Instead of sailing its first cruise open to the public on December 12, 2010, Allure of the Seas' first revenue voyage will be a seven-night Western Caribbean itinerary, departing on December 5, 2010. Passengers booked on the non-maiden December 12 cruise will be able to move their cruise up to December 5, where they'll be accommodated in the same cabin category and be charged the lower of the two fares. Royal Caribbean is also offering $100 per person -- to members of the Crown & Anchor Society, who are already booked on the December 12 sailing -- to cover some of the costs of their flight changes. Passengers on the December 12 cruise will have until the end of February to switch.
Some Cruise Critic members on the message boards are grumbling about what seems to have become an accepted Royal Caribbean Cruises, Ltd. business practice.

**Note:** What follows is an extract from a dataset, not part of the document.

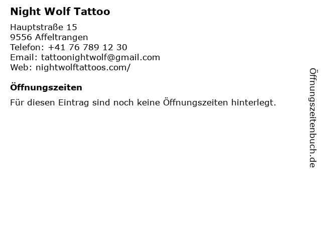 | Öffnungszeiten Night Wolf Tattoo in Affeltrangen anzeigen | |

Silentbob007 writes, "It doesn't make sense to book inaugurals anymore with Royal … until you are sure it WILL be the inaugural ... especially if you have to fly to port." Steponboard adds, "I hope they do something really nice for people who can't change their travel date and are disappointed about missing an inaugural cruise."
Still, others see Royal Caribbean's decision to move up the date as a simple question of dollars and "sense." Waterbug123 writes, "If the ship is ready, the cruise line isn't going to let it sit there idle for a week when it could be sailing and earning money. I'm sure the shareholders appreciate that."
Our advice? If sailing on a new ship's inaugural voyage, which often features commemorative events and freebies, is important to you, you may want to wait to book -- just in case the dates change. The closest in the lines have made such a change is six months out.